Engineers have recognized that reductions in NOx emissions and combustion noise can be achieved during some engine operating conditions by slowing the initial rate of injection into the combustion chamber. Thus, it is desirable that a fuel injector have the ability to extend the time duration over which the injection goes from zero to its maximum. Although it is settled that combustion noise and NOx emissions can be reduced by slowing the initial injection rate build up, there remains considerable debate as to what initial injection rate profile achieves the best reductions in noise and emissions.
In the case of hydraulically actuated fuel injectors, initial rate shaping has been successfully introduced by spilling fuel to a return line instead of out of the nozzle during the initial portion of each injection event. The initial injection rate is reduced by allowing a significant amount of controlled fuel spillage through a plunger groove and/or holes in a barrel port. This spillage concept has been an effective front end rate shaping method, providing a significant amount of combustion noise reduction (∼9 dB) and achieving significant overall engine noise reduction (∼3 dB).
The present invention is directed as an alternative to the fuel spillage concept as it relates to producing initial injection rate shaping to reduce NOx emissions and combustion noise.
During the initial injection period, when limited fuel delivery is desired, the motion of the plunger is slowed by forcing the fuel pumped by the plunger to pass through a restriction. The resulting pressure drop through the restriction slows the initial plunger motion and the associated discharge rate from the nozzle to the combustion chamber. This provides a desirable slow initial rate of injection comparable to that of the fuel spillage concept. After the plunger has stroked through an initial distance, known as a lead distance, a main flow path connects the fuel pressurization chamber to the nozzle supply passage, and avoids the initial flow restriction. The main injection is then delivered at full pressure and rate.
In one specific embodiment, a fuel injector includes an injector body with a plunger bore, a nozzle chamber and a nozzle outlet that opens to the nozzle chamber. A plunger is positioned to reciprocate in the plunger bore between an advanced position and a retracted position. A portion of the plunger and a portion of the plunger bore define a fuel pressurization chamber. At least one of the injector body and the plunger define at least one passage extending between the fuel pressurization chamber and the nozzle chamber. The at least one passage has a restrictive flow area over a portion of the plunger's movement between its retracted position and its advanced position. The at least one passage also has a main or relatively unrestricted passage over a different portion of the plunger's movement between its retracted position and its advanced position.
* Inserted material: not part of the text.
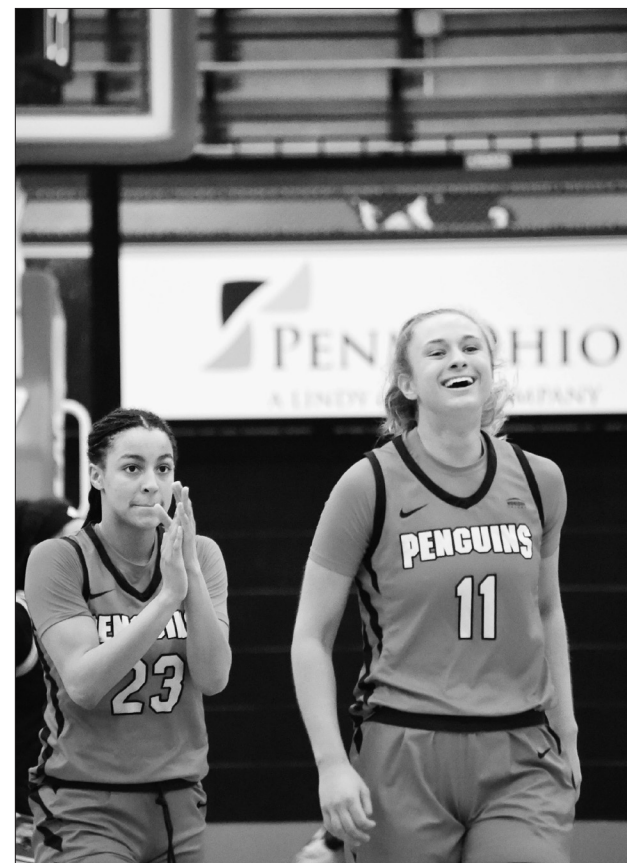
Women's basketball's first round matchup against IUPUI.

One object of the present invention is to provide an improved hydraulically actuated fuel injector.
FIG. 1 is a sectioned side elevational view of a fuel injector according to one embodiment of the present invention.
FIG. 2 is an enlarged partial sectioned side elevational view of the fuel pressurization chamber area of the inject or shown in FIG. 1.
FIG. 3 is a partial sectioned bottom view along section lines 3--3 of FIG. 2.
FIG. 4 is a partial sectioned bottom view along section lines 4--4 of FIG. 2.
FIG. 5 is an enlarged partial sectioned side elevational view of a fuel pressurization chamber area of fuel injector according to another embodiment of the present invention.
FIG. 6 is a partial sectioned bottom view along section lines 6--6 of FIG. 5.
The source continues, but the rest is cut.